CTX PROTECTION SOCIALE, 2 décembre 2024 — 22/00890

Consultation Cour de cassation — CTX PROTECTION SOCIALE

Texte intégral

MINUTE : 24/ DOSSIER : N° RG 22/00890 - N° Portalis DBX4-W-B7G-RIEF AFFAIRE : S.A.S.U. [12] / [8] NAC : 89E

TRIBUNAL JUDICIAIRE DE TOULOUSE

POLE SOCIAL

JUGEMENT DU 02 DECEMBRE 2024

COMPOSITION DU TRIBUNAL lors des débats et du délibéré :

Président Christophe THOUY, Juge

Assesseurs Christine GOUEZ, Assesseur Employeur du Régime général [T] [X], Collège salarié du régime général

Greffier Amandine CAZALAS-LACASSIN,

DEMANDERESSE

S.A.S.U. [11] [Localité 14], dont le siège social est sis [Adresse 1]

représentée par Me Grégory KUZMA de la SELARL R&K AVOCATS, avocats au barreau de LYON

DEFENDERESSE

[8], dont le siège social est sis [Adresse 13]

représentée par Mme [G] [M] munie d’un pouvoir spécial

DEBATS : en audience publique du 30 Septembre 2024

MIS EN DELIBERE au 02 Décembre 2024

JUGEMENT : signé par le président et le greffier et mis à disposition le 02 Décembre 2024

FAITS, PROCEDURE, MOYENS ET PRETENTIONS DES PARTIES

Mme [C] [P], salariée de la société [11] [Localité 14] a déclaré la survenance d'un accident en date du 29 juillet 2021, selon déclaration d'accident du travail du 30 juillet 2021 et certificat médical initial du 29 juillet 2021.

Par décision du 25 octobre 2021, la [5] ([7]) de la Haute-Garonne a informé la société [11] [Localité 14] de la prise en charge de cet accident au titre de la législation professionnelle.

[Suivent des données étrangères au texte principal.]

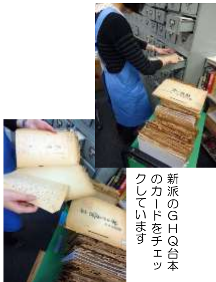
新派のGHQ台本のカードをチェックしています

▼編集後記 現在、二週間の春期特別整理休館に入っております。大量寄贈された資料の所蔵チェック及び登録や、所蔵資料の大規模な書架移動の準備など、この休館期間中に集中して取り組める作業に勤しんでおります。利用者の方にはご不便をおかけいたします。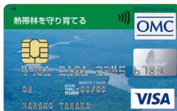
熱帯林を守り育てる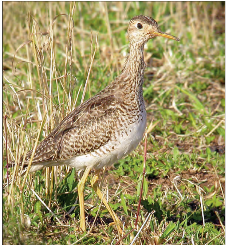
24. Bartramie des champs Bartramia longicauda , 1 er hiver, Crau, Bouches-du- Rhône, décembre 2004. 1st-winter Upland Sandpiper.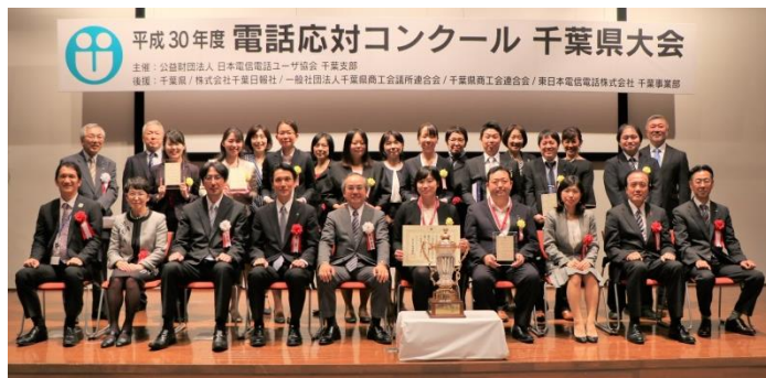
2018年10月18日 於 m BAY POINT 幕張

Par courrier du 28 mars 2022, la société [11] [Localité 14] a saisi la commission médicale de recours amiable Occitanie d'une contestation relative à l'imputabilité des arrêts de travail prescrits à Mme [P] des suites de son accident du travail du 29 juillet 2021.

Par requête du 27 septembre 2022, la société [11] Toulouse a saisi le pôle social du tribunal judicaire de Toulouse d'un recours contre les décisions implicites de rejet de la commission médicale de recours amiable Occitanie.

Les parties ont été valablement convoquées à l'audience du 30 septembre 2024.

La société [11] Toulouse, régulièrement représentée, demande au tribunal de juger qu'il subsiste une difficulté d'ordre médical et d'ordonner une mesure d'expertise judiciaire sur pièces.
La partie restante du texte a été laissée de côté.